An external pelvic fixator is a surgical procedure that stabilizes a broken hip or pelvic bone. A surgeon will use small screws, pins, and carbon fiber bars to stabilize the fracture.
Doctors may use the technique to stabilize the pelvis until healing is complete. Alternatively, they may use it temporarily until a person can undergo another surgery.
According to a 2020 study, an external pelvic fixator surgery can control bleeding, reduce the need for blood transfusions, and improve a person’s outlook. The risks involve infection and injury to nerves or blood vessels.
Keep reading to learn more about an external pelvic fixator, including its uses, benefits, risks, what to expect, and alternatives.
An external pelvic fixator is a device doctors use during surgery to treat an unstable pelvic fracture.
It involves making small incisions, or cuts, into the skin and muscle to insert small screws and pins into the pelvic bone. The screws and pins project out of the skin on both sides of the pelvic bone and attach to carbon filter bars outside the skin.
This creates a stabilizing frame to keep broken bones in the correct position.
In most cases, the pelvic fixator is a temporary measure.
Research states that doctors use an external fixator to repair a fracture from major trauma to the pelvic bone. Causes of trauma may include:
- motorcycle or motor vehicle accidents
- accidents involving pedestrians and motor vehicles
- crush injuries
- falls from a significant height, such as a horse or ladder
One use entails stabilizing the pelvic bone until a fracture heals completely. However, in people who are unable to tolerate a more complex, lengthy surgery, doctors may use an external fixator as a temporary measure until another surgery is possible.
According to orthopedic surgeon Andrea L. Snow, MD, doctors often use the procedure to stabilize a fracture while someone heals from more serious injuries.
“People have usually sustained substantial traumatic injuries beyond fracture of the pelvis that can be life threatening,” she says. “They can be unstable and actively hemorrhaging, or bleeding, from the pelvic injury.”

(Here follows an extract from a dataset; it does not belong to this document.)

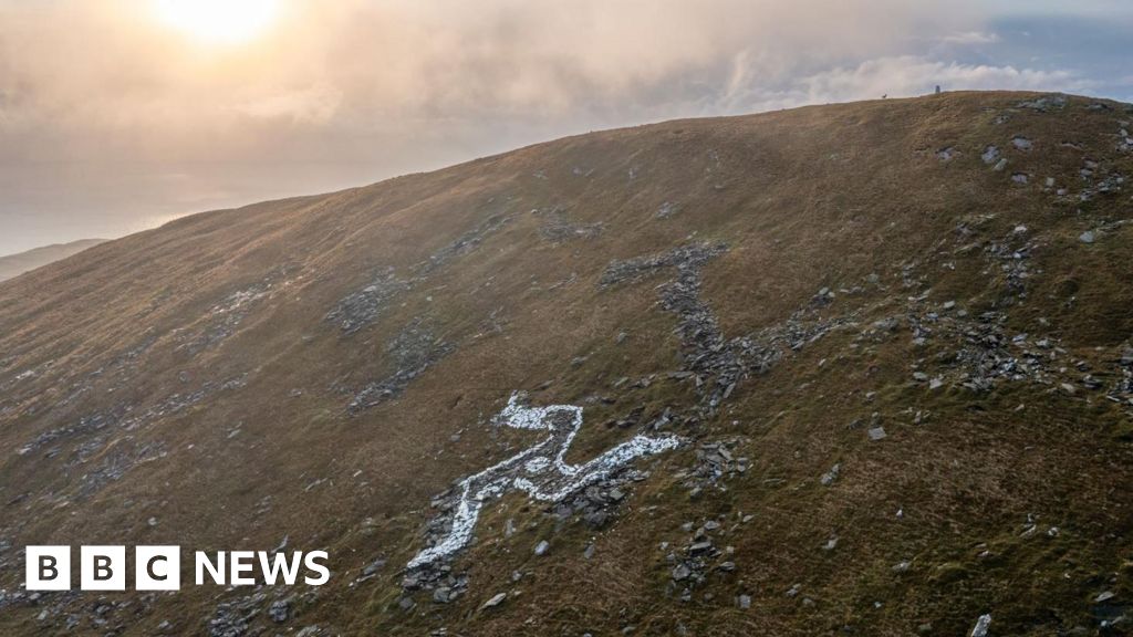 The 100ft (30m) wide Three Legs of Mann symbol on North Barrule was created by retired builder Bryan Callister in 2019, but concerns about its legality followed.
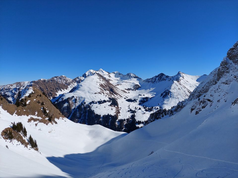 Abfahrt: In der Gipfelflanke hat es schönen Sulz. Nach der ersten Querung (Höhe 2150m ü. M.) hat es Pulver bis zur zweiten Querung (Höhe 1800m ü. M.). Der letzte Hang bis zur Strasse ist hart und mit Lawinenknollen übersät, aber fahrbar. Der Rest, Strasse bis Steibode und Steibode bis zum Parkplatz, ist pistenähnlich.

Because injuries requiring pelvic fixation are usually serious, the recovery time can be lengthy. “Once the fracture becomes stable, doctors usually remove the external fixator and repair the pelvis from the inside using plates and screws,” says Dr. Snow.
An external fixator is a
Scientific evidence states it can stabilize a broken pelvis, reducing the need for blood transfusions and increasing survival rates. It can also help control bleeding.
“Using the pelvic external fixator within hours of injury in the operating room is one of the measures that can close down the volume of the pelvis,” said Dr. Snow. “This closes down the potential space for bleeding.”
According to Dr. Snow, there are minimal risks relating to the procedure. “This is because the procedure is minimally invasive, performed through small incisions, and is left in place only temporarily,” she says.
However, pelvic fixators are often necessary for severe injuries. The extent of a person’s injuries, blood loss, and other complications may contribute to a risk of death.
Research suggests that possible complications may include the following:
- loss of fixation
- injury to a nerve or blood vessel
The only initial alternative treatment to a pelvic external fixator is a pelvic binder. This is a strap that doctors use to compress the pelvic area.
“Doctors can apply the binder or a sheet in the emergency room once they detect an unstable pelvic fracture,” said Dr. Snow. “This closes down the pelvic volume and helps stop bleeding.”
However, pelvic binders have drawbacks.
“One disadvantage is that they can cause pressure sores if left on too long,” says Dr. Snow. “They are not an option if someone needs general abdominal surgery to address an injury.”
An external pelvic fixator is a surgical procedure that stabilizes a pelvis fracture. It involves the use of pins and screws to attach the pelvic bone to a carbon filter bar outside of the skin.
The recovery time can be lengthy, since a person with such a fracture may have other serious injuries. However, its benefits include controlling bleeding and the need for blood transfusions, while risks may include infection and the loss of fixation.